──────── INPUT FOR THIS TASK ────────

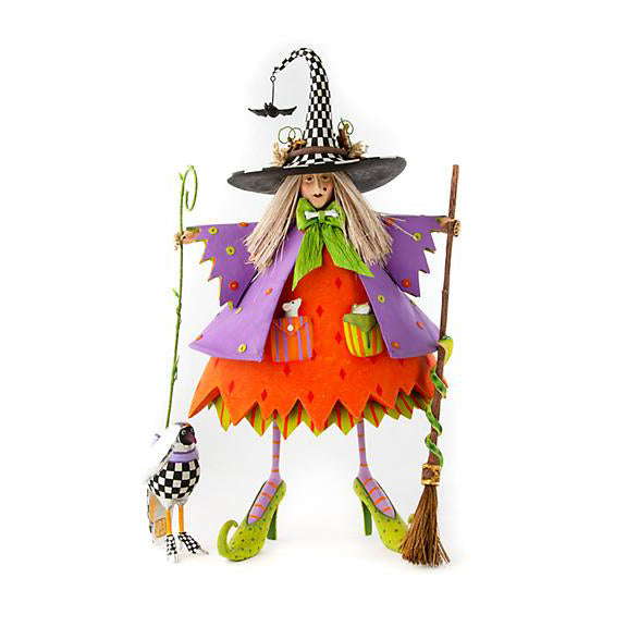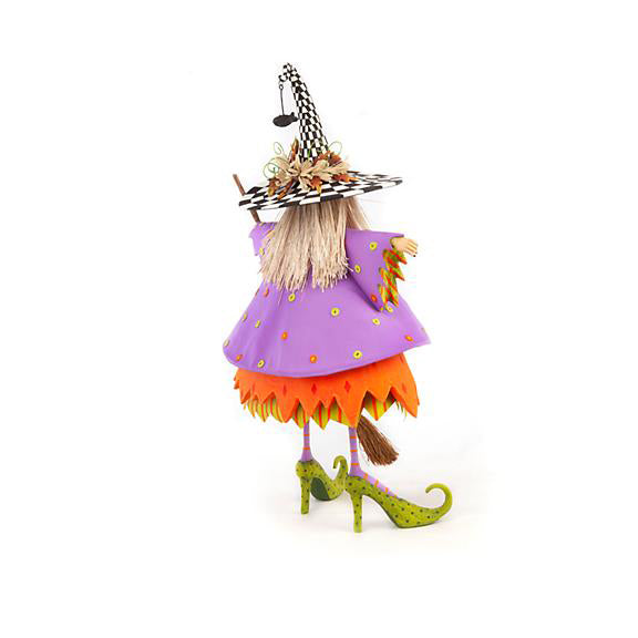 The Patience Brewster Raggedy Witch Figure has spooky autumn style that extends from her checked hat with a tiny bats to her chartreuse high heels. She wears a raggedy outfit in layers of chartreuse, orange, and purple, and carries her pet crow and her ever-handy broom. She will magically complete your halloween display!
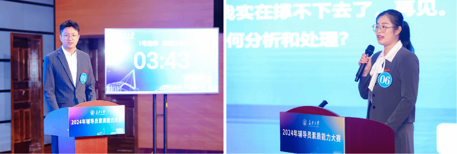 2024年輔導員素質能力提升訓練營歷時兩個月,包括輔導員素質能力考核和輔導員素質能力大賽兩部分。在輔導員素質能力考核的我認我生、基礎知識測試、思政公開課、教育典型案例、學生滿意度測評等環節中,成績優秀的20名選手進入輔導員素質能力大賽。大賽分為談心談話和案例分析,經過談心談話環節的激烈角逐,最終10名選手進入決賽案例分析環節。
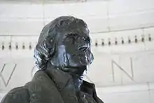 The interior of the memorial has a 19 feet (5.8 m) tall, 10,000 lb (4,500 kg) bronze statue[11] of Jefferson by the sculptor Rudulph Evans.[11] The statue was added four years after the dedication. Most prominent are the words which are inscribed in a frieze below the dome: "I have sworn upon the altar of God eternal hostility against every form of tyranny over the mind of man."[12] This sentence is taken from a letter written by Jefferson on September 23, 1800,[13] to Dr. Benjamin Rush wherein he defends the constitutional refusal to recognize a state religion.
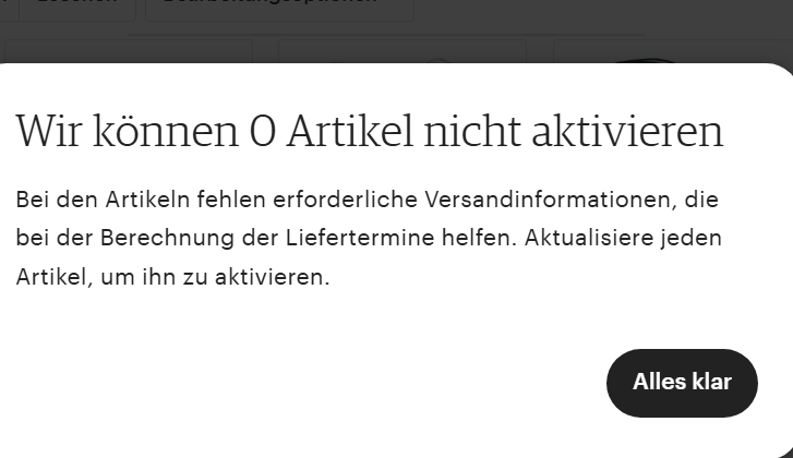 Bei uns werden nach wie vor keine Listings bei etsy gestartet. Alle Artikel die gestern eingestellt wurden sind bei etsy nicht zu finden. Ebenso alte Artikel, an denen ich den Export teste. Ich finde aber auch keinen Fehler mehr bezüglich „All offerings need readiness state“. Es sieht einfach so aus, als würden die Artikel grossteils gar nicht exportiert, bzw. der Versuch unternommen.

────────
──────── INPUT FOR THIS TASK ────────

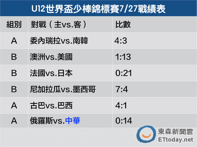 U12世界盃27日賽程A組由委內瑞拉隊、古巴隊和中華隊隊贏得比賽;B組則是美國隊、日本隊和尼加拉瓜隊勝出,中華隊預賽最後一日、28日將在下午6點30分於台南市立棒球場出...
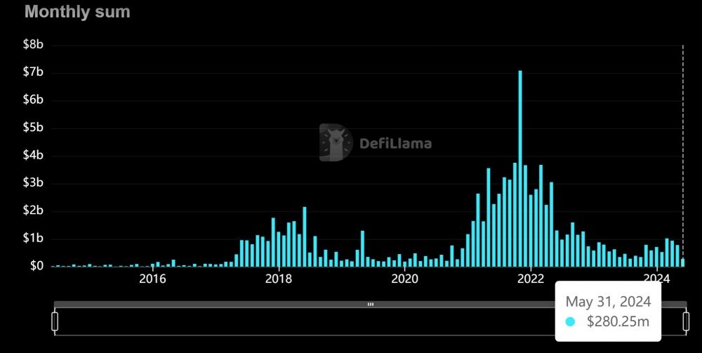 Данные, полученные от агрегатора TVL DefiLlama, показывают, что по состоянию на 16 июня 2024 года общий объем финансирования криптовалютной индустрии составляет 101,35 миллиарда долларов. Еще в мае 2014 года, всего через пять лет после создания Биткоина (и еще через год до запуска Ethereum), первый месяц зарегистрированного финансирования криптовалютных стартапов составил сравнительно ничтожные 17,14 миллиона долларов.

────────

DESCRIPTION OF THE TASK: In the listing above, find the line with "The interior of" and the line with "Bei uns werden". Set down both and every line between them, minus the pictures.

TASK SOLUTION:
 The interior of the memorial has a 19 feet (5.8 m) tall, 10,000 lb (4,500 kg) bronze statue[11] of Jefferson by the sculptor Rudulph Evans.[11] The statue was added four years after the dedication. Most prominent are the words which are inscribed in a frieze below the dome: "I have sworn upon the altar of God eternal hostility against every form of tyranny over the mind of man."[12] This sentence is taken from a letter written by Jefferson on September 23, 1800,[13] to Dr. Benjamin Rush wherein he defends the constitutional refusal to recognize a state religion.
 Bei uns werden nach wie vor keine Listings bei etsy gestartet. Alle Artikel die gestern eingestellt wurden sind bei etsy nicht zu finden. Ebenso alte Artikel, an denen ich den Export teste. Ich finde aber auch keinen Fehler mehr bezüglich „All offerings need readiness state“. Es sieht einfach so aus, als würden die Artikel grossteils gar nicht exportiert, bzw. der Versuch unternommen.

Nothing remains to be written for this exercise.